Those are very good points and that would deter me from putting them into the wall for sure.:T


----------



## Andoskyy

while all very valid points, I still prefer the aesthetics of an in-wall speaker. 

Although not to the degree you're taking about, but I will be able to angle the speakers to some degree. The cutouts are a hole in the wall with a platform for the speakers are put on...the speakers are not locked in. There is a grill covering the entire opening.

I'm building this in the basement of my condo. I am extremely familiar with upgradeitis, but the next upgrade will be to a single-family home.

also, if upgradeitis does strike early, i'll make the boxes bigger. one benefit of being a do-it-yourselfer.

Thank you, i really appreciate the feedback


----------



## DougMac

Andoskyy said:


> Thank you, i really appreciate the feedback


Looking good! Best of luck on your project. I had a blast building our HT.

Tell me about your screen opening. What do you plan to use for video?


----------



## Andoskyy

thank you, i'm having a blast too. nothing like building something you love!

the screen opening is for a mitsubishi DLP...73". I was considering a projector, but i actually get a lot of natural light in my basement and to get a projector good enough to overcome that would cost me considerably more than the $1,900 DLP.

i have an IR repeater on the way, and that'll be the only other item on that wall.

i was thinking of cutting out a box for the subwoofer right below the TV. I'm going with the PB12-NDS from SVS. Do you think it would be better there, or tucked away where the ladder is in the picture.
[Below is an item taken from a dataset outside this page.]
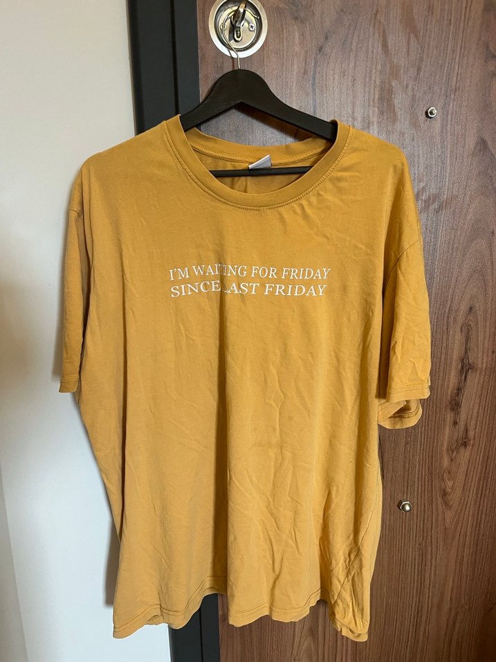 Sarı pamuklu tişört, bisiklet yaka ve kısa kollu. Gevşek kesim, parlak yüzey ve "I'M WAITING FOR FRIDAY SINCE LAST FRIDAY" baskılı. Günlük rahat ve şık stil için uygun.

It'll be a pretty good subwoofer corner, as the blue tarp will be the wall running all the way to the back.

i think the subwoofer would look better below the TV, but acoustically, would it be better in the corner?


----------



## bambino

Looks like it's gonna be an awesome theater.


----------



## DougMac

Andoskyy said:


> thank you, i'm having a blast too. nothing like building something you love!
> 
> the screen opening is for a mitsubishi DLP...73". I was considering a projector, but i actually get a lot of natural light in my basement and to get a projector good enough to overcome that would cost me considerably more than the $1,900 DLP.


I think that's a good choice given your situation. I built our HT on the interior side of our daylight basement. That gave me total light control. I have a relatively inexpensive projector and light control is a must for best IQ.



Andoskyy said:


> i was thinking of cutting out a box for the subwoofer right below the TV. I'm going with the PB12-NDS from SVS. Do you think it would be better there, or tucked away where the ladder is in the picture. It'll be a pretty good subwoofer corner, as the blue tarp will be the wall running all the way to the back.
> i think the subwoofer would look better below the TV, but acoustically, would it be better in the corner?
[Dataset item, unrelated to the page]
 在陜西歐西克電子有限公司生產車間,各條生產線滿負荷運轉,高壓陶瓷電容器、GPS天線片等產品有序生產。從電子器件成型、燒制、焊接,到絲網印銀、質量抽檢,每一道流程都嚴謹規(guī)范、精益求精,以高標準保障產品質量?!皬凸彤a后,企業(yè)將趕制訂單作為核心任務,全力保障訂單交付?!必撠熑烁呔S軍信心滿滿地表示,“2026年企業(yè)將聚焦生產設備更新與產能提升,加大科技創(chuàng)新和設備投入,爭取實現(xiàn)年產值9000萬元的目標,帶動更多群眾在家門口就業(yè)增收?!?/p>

I would suggest the ladder location only if that buys you some ability to move the sub. Otherwise, it's a shoot between the two locations and I'd lean towards under the screen for the aesthetics. The good news is that the PB12-NSD is front ported. I think you'll be pleased, it's the sub I'm using. I've measured the in room response and it's pretty much flat down to 17hz! I have a closet in my HT because of the downstairs A/C unit. The closet has two doors and I had to install foam insulation to keep them from rattling from the sub. I know you don't want to hear this, but even small changes in placement can make a difference. I had a null that I smoothed out just by moving the sub 6 inches forward.

How are you handling your surrounds? It may be too late, but I heartily recommend using conduit for your speaker wire runs. This will give you some flexibility later, for instance if you want to bi-wire at some future point. I went ahead and did two runs for my L/C/R in case I decided to bi-wire in the future. I did a 7.1 setup and ended up running over 250' of speaker wire!


----------



## Andoskyy

Thanks, i think i will start out in the ladder location and see how that works out. it'll be out of sight anyway. I can always move it under the TV at a later point.

that is impressive performance for a $600 sub...i cant wait! How do you like your SCS-01's? I decided to go with the STS for the front and SBS for the rears, but the STS may be overkill for my size room (no problem with overkill). how many cubic feet is your HT room? mine is 3,100.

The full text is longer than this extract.